**Task requirements**
Below is a listing; transcribe it exactly but without any images.

**Information shown**
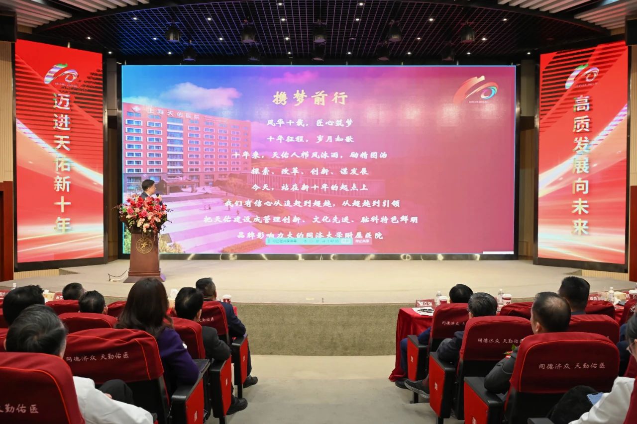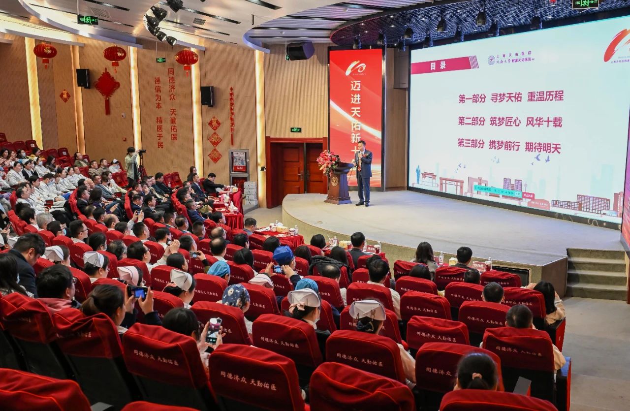 蔡劍飛院長以《守初心 強內涵 擔使命 創品牌 -- 攜夢再出發》為題,回顧了天佑醫院創業史和發展背景,介紹天佑醫院十年創業,改革創新,突破發展的不凡歷程,為天佑醫院新十年描繪了新藍圖。
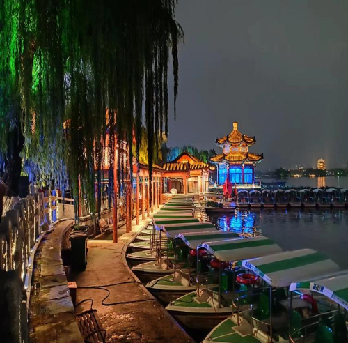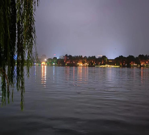 晚上閑暇時(shí)刻突發(fā)意念,便想起去大明湖夜游。大明湖湖面寬廣,湖中有幾個(gè)小島,但景觀大部分在四周的沿岸。盡管坐船覽湖,有披波激浪的愜意,有閑風(fēng)拂面的輕松,但卻是走馬觀花。“紙上得來終覺淺,絕知此事要躬行”,要細(xì)細(xì)地、慢慢地品賞大明湖,巧遇是一種浪漫,大明湖是適合浪漫的。雖然它不具鼓浪嶼醉的人海風(fēng),更沒有迷人的沙灘,不具杭州西湖那么遼闊和名氣,但我覺得它是北方城市中最浪漫的湖。游大明湖,無論年齡多大,我想最好給自己一個(gè)愜意的理由,懷一顆浪漫的心。讓那堤岸搖蕩的垂柳,輕拂額頭,撩撥久居市井而混沌的心胸,撣禪生活中積沉的塵燥。如果你意誠,柳拂是能禪心的。心明了,眼亮了,滿目就會(huì)是紅情綠意。整體來說大明湖景點(diǎn)的燈光很美,
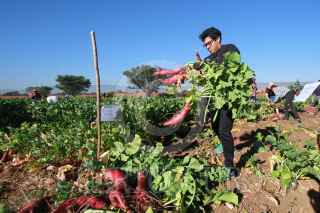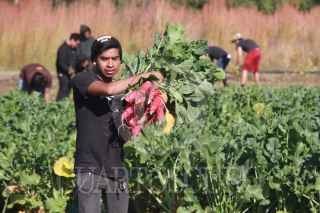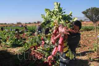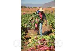 SANTA CRUZ XOXOCOTLÁN, OAXACA, 19DICIEMBRE2017.- Hortelanos de diversas edades cosechar este día al rededor de 14 toneladas de rábanos de las especies Bartender y Champion, mismos que utilizarán para participar en la tradicional Noche de Rábanos, festival con más de 100 años de tradición que se llevará a cabo el 23 de diciembre en el zócalo de la ciudad de Oaxaca y en el que los participantes crearán diversas obras con los tubérculos cosechados, para ello de acuerdo con las reglas únicamente podrán hacer uso de un cuchillos y palillos. FOTO: ARTURO PÉREZ ALFONSO/ CUARTOSCURO.COM
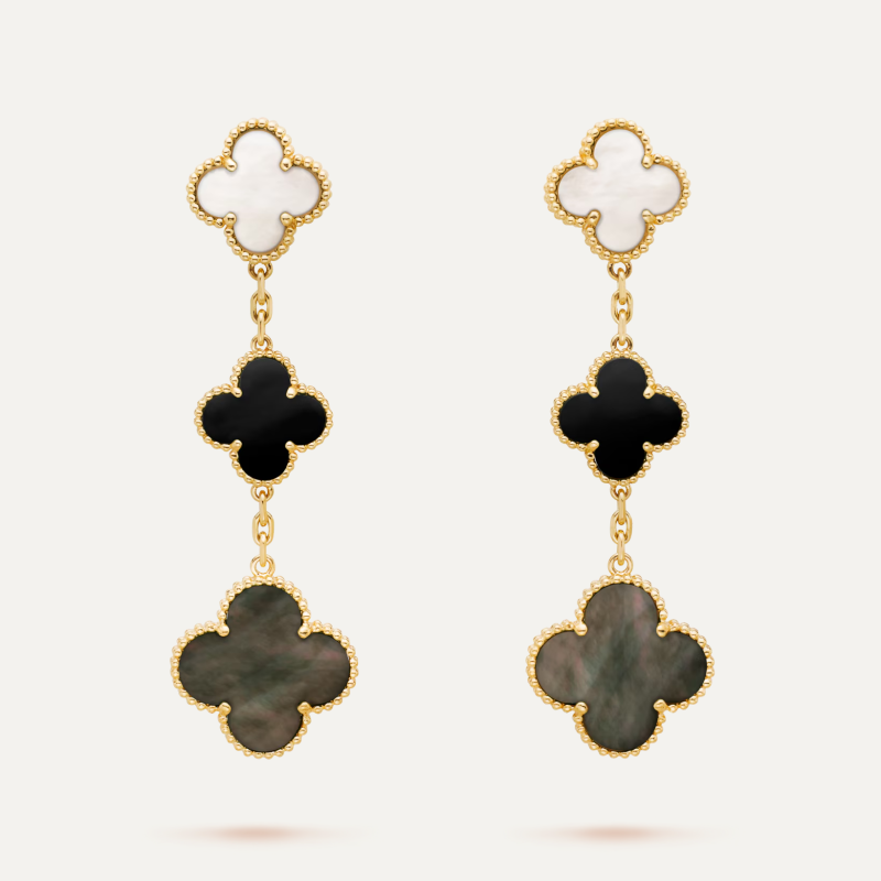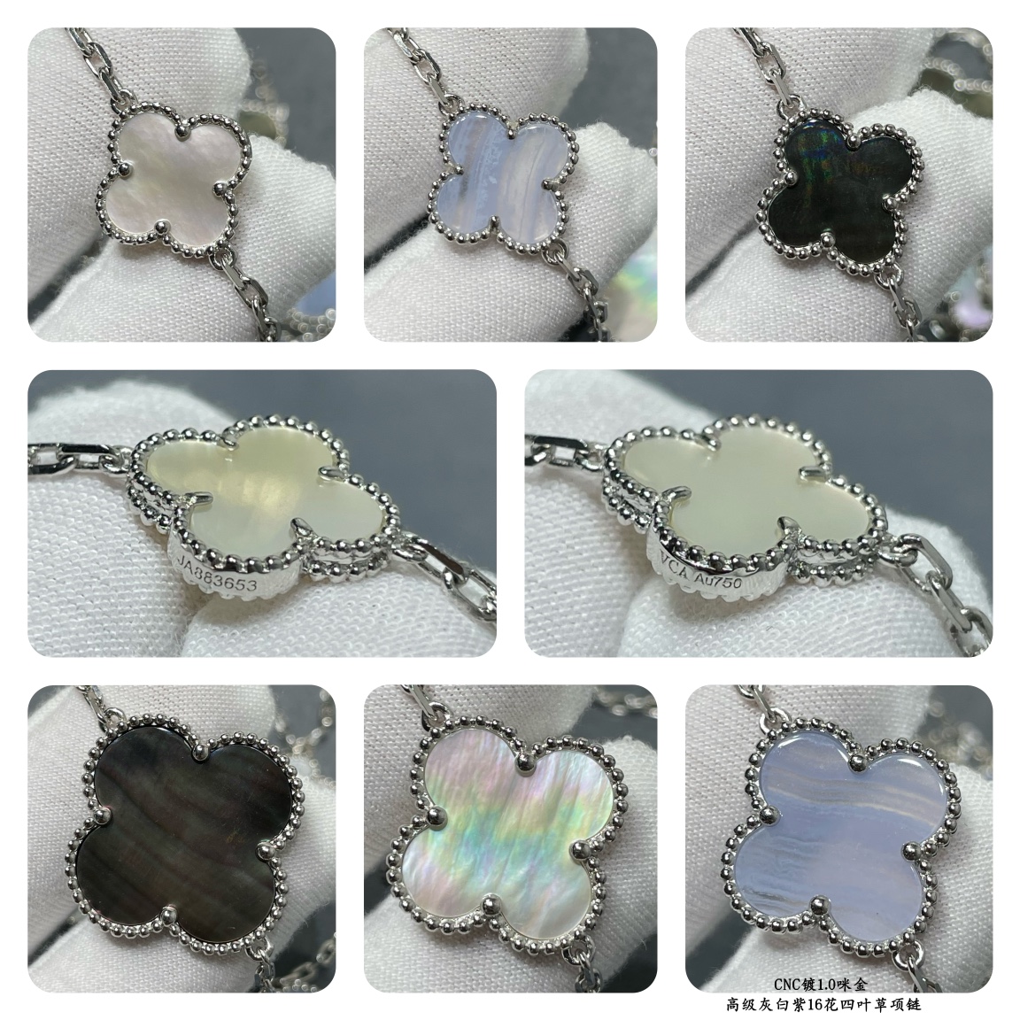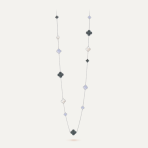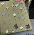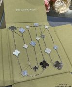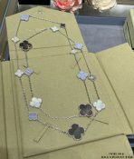 This is a replica of Van Cleef & Arpels Magic Alhambra long necklace, 16 motifs. All necklaces are crafted with the exact same design as the original. Product Description:18K white gold plated on vermeil, Chalcedony, Mother of pearl.
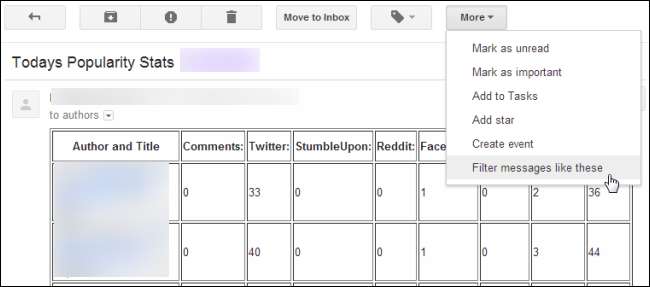 Toplu postayı hızlı bir şekilde silmek için iletilerden birini bulun, açın, Diğer menüsünü tıklayın ve "Bunun gibi iletilere filtre uygula" yı seçin.
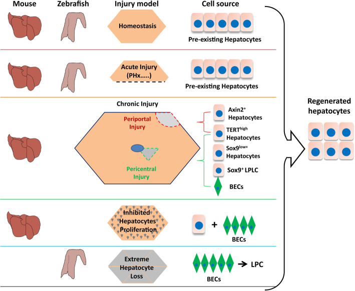 A cartoon for comparing origin of hepatocytes during liver homeostasis and regeneration in mouse and zebrafish. Liver initiates different regeneration modes in response to different degrees of damages. Proliferation of embryonic hepatocytes make main contribution to hepatocytes in a normal adult liver. Proliferation of mature hepatocytes are responsible for maintaining hepatocyte homeostasis in a normal adult liver and recovery of liver mass after acute injuries such as PH (top two panels). Chronic injuries near the periportal region (periportal injury) will probably activate the Axin2+ cells around central vein to produce new hepatocytes (highlighted in red, third panel). In contrast, chronic injuries around the central vein region (pericentral injury) seems to mobilize Sox9low+ or/and Sox9+ LPLC hepatocytes around periportal region to generate new hepatocytes (highlighted in green, third panel). As the degree of damage increases, such as treating mouse with TAA for 24 weeks, biliary epithelial cells (BECs) start to make contribution to the production of hepatocytes through direct lineage conversion (third panel). It is proposed that TERThigh hepatocytes might be a universal cell source for liver regeneration under periportal, pericentral or other injury conditions (third panel). Impaired proliferation ability of hepatocytes, such as in the case of
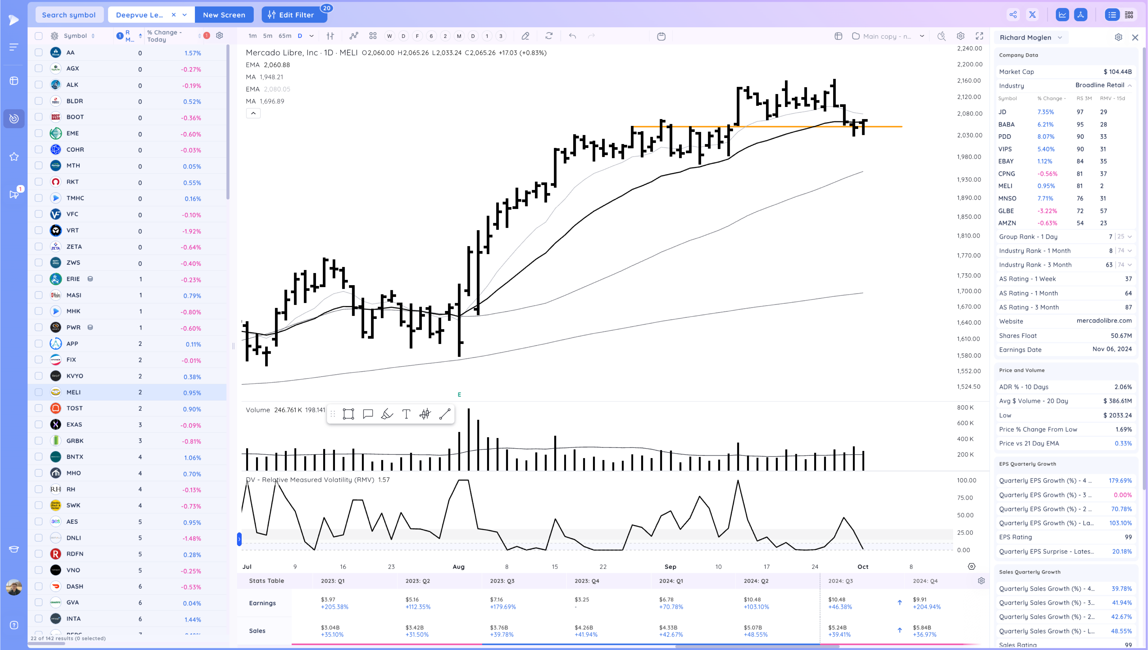 MELI 21ema pullback.
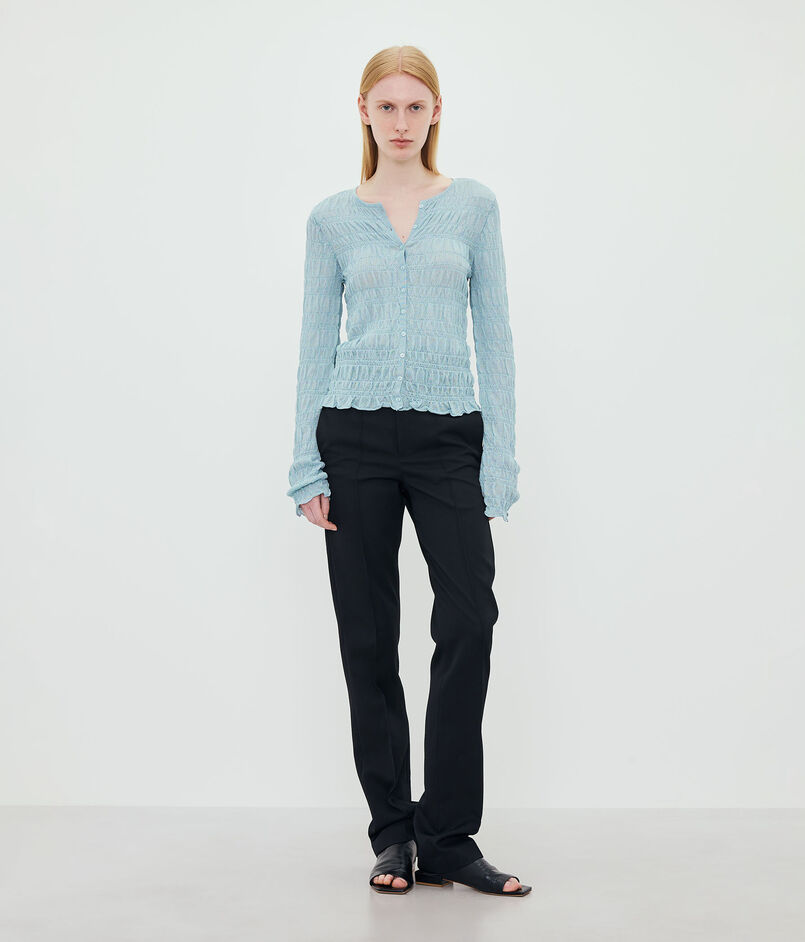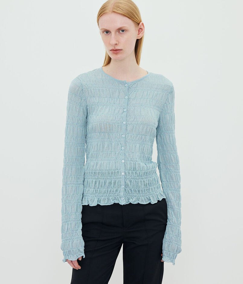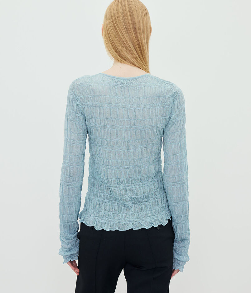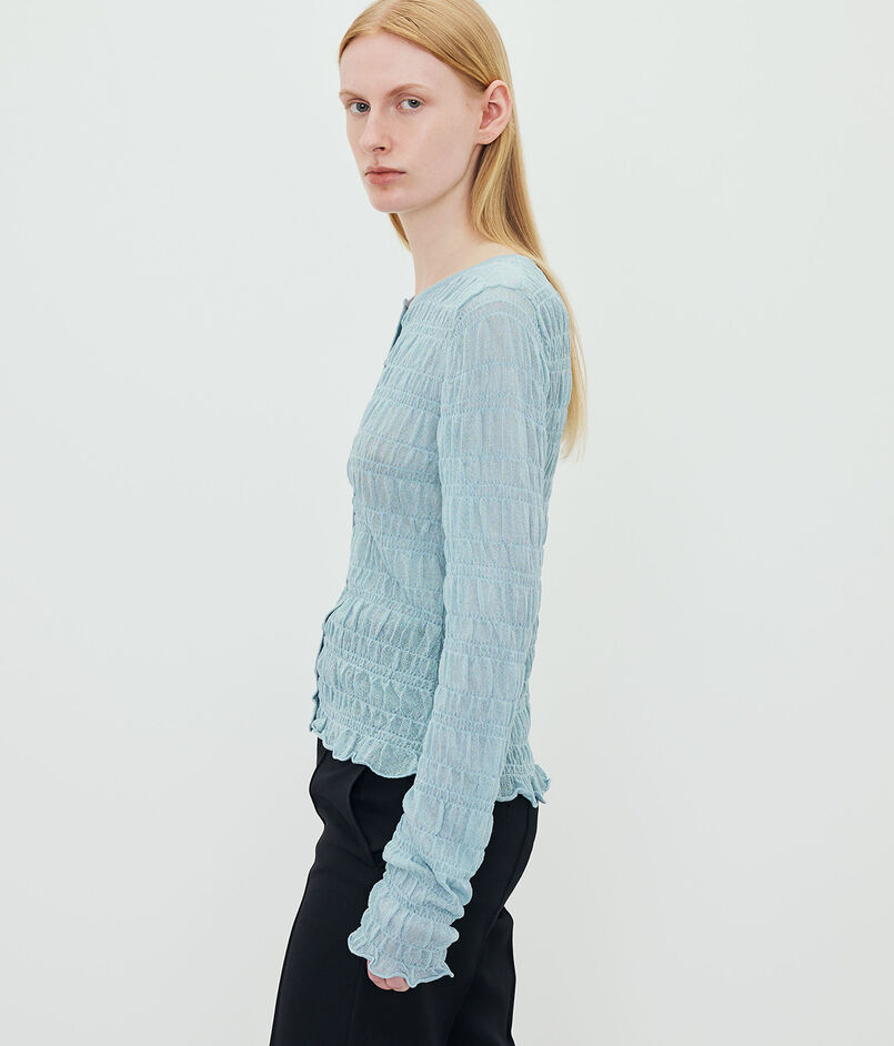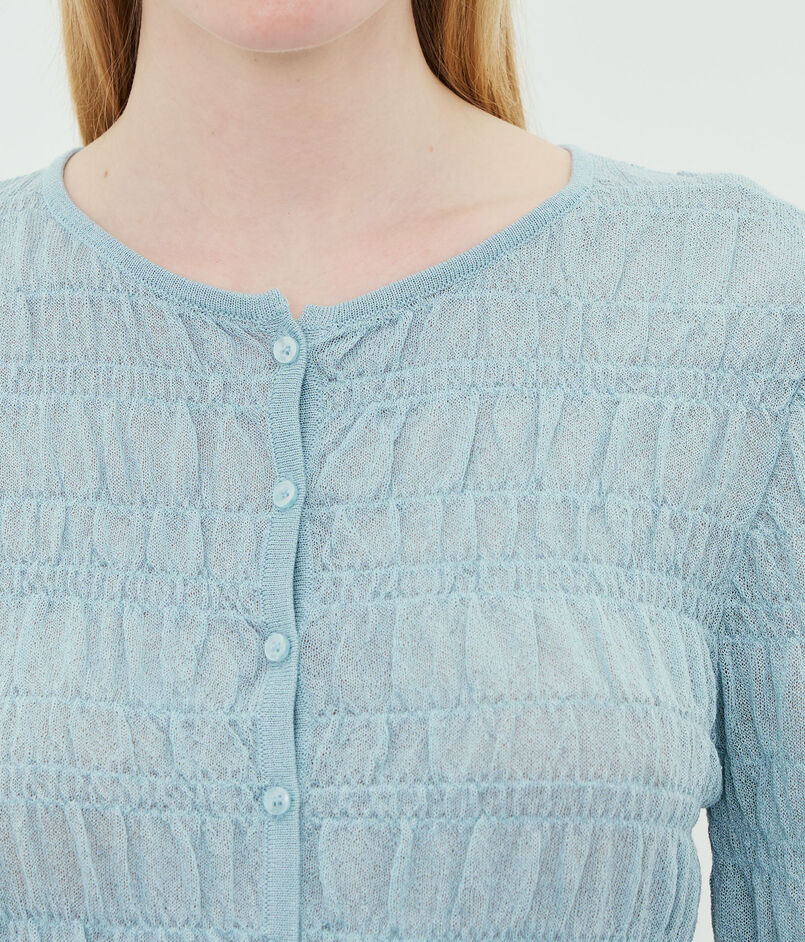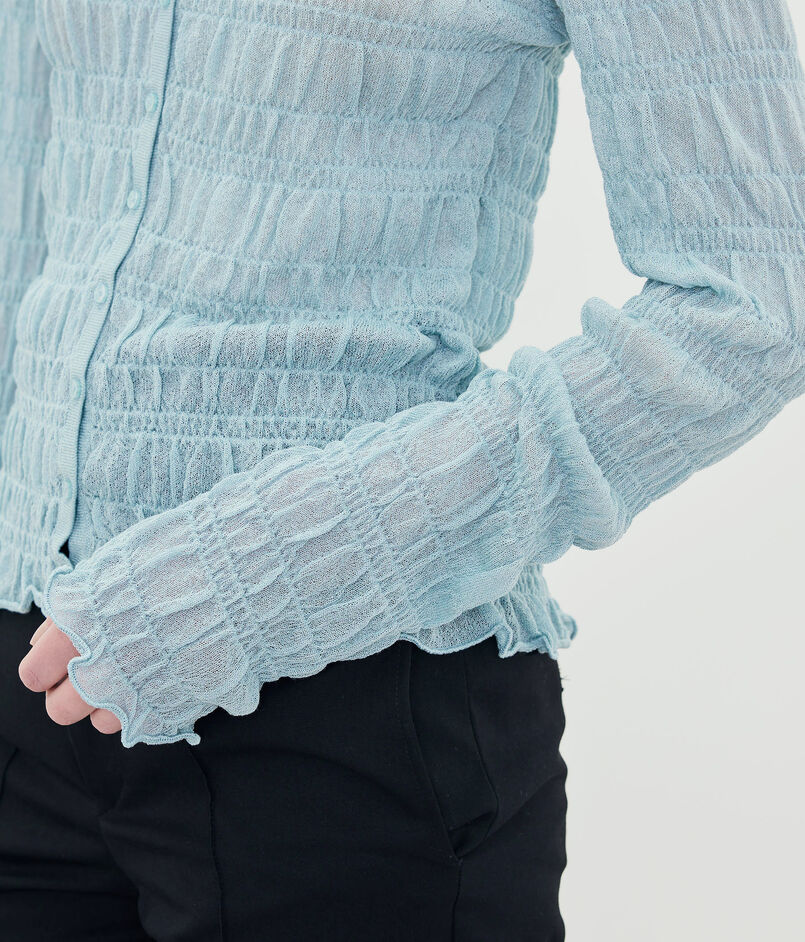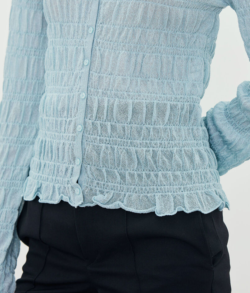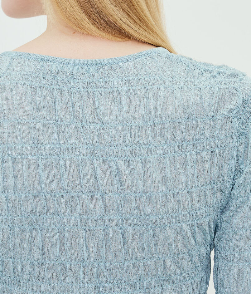 透け感のある生地に、手触りの良いスモック柄が施されています。

**Response for this exercise**
 蔡劍飛院長以《守初心 強內涵 擔使命 創品牌 -- 攜夢再出發》為題,回顧了天佑醫院創業史和發展背景,介紹天佑醫院十年創業,改革創新,突破發展的不凡歷程,為天佑醫院新十年描繪了新藍圖。
 晚上閑暇時(shí)刻突發(fā)意念,便想起去大明湖夜游。大明湖湖面寬廣,湖中有幾個(gè)小島,但景觀大部分在四周的沿岸。盡管坐船覽湖,有披波激浪的愜意,有閑風(fēng)拂面的輕松,但卻是走馬觀花。“紙上得來終覺淺,絕知此事要躬行”,要細(xì)細(xì)地、慢慢地品賞大明湖,巧遇是一種浪漫,大明湖是適合浪漫的。雖然它不具鼓浪嶼醉的人海風(fēng),更沒有迷人的沙灘,不具杭州西湖那么遼闊和名氣,但我覺得它是北方城市中最浪漫的湖。游大明湖,無論年齡多大,我想最好給自己一個(gè)愜意的理由,懷一顆浪漫的心。讓那堤岸搖蕩的垂柳,輕拂額頭,撩撥久居市井而混沌的心胸,撣禪生活中積沉的塵燥。如果你意誠,柳拂是能禪心的。心明了,眼亮了,滿目就會(huì)是紅情綠意。整體來說大明湖景點(diǎn)的燈光很美,
 SANTA CRUZ XOXOCOTLÁN, OAXACA, 19DICIEMBRE2017.- Hortelanos de diversas edades cosechar este día al rededor de 14 toneladas de rábanos de las especies Bartender y Champion, mismos que utilizarán para participar en la tradicional Noche de Rábanos, festival con más de 100 años de tradición que se llevará a cabo el 23 de diciembre en el zócalo de la ciudad de Oaxaca y en el que los participantes crearán diversas obras con los tubérculos cosechados, para ello de acuerdo con las reglas únicamente podrán hacer uso de un cuchillos y palillos. FOTO: ARTURO PÉREZ ALFONSO/ CUARTOSCURO.COM
 This is a replica of Van Cleef & Arpels Magic Alhambra long necklace, 16 motifs. All necklaces are crafted with the exact same design as the original. Product Description:18K white gold plated on vermeil, Chalcedony, Mother of pearl.
 Toplu postayı hızlı bir şekilde silmek için iletilerden birini bulun, açın, Diğer menüsünü tıklayın ve "Bunun gibi iletilere filtre uygula" yı seçin.
 A cartoon for comparing origin of hepatocytes during liver homeostasis and regeneration in mouse and zebrafish. Liver initiates different regeneration modes in response to different degrees of damages. Proliferation of embryonic hepatocytes make main contribution to hepatocytes in a normal adult liver. Proliferation of mature hepatocytes are responsible for maintaining hepatocyte homeostasis in a normal adult liver and recovery of liver mass after acute injuries such as PH (top two panels). Chronic injuries near the periportal region (periportal injury) will probably activate the Axin2+ cells around central vein to produce new hepatocytes (highlighted in red, third panel). In contrast, chronic injuries around the central vein region (pericentral injury) seems to mobilize Sox9low+ or/and Sox9+ LPLC hepatocytes around periportal region to generate new hepatocytes (highlighted in green, third panel). As the degree of damage increases, such as treating mouse with TAA for 24 weeks, biliary epithelial cells (BECs) start to make contribution to the production of hepatocytes through direct lineage conversion (third panel). It is proposed that TERThigh hepatocytes might be a universal cell source for liver regeneration under periportal, pericentral or other injury conditions (third panel). Impaired proliferation ability of hepatocytes, such as in the case of
 MELI 21ema pullback.
 透け感のある生地に、手触りの良いスモック柄が施されています。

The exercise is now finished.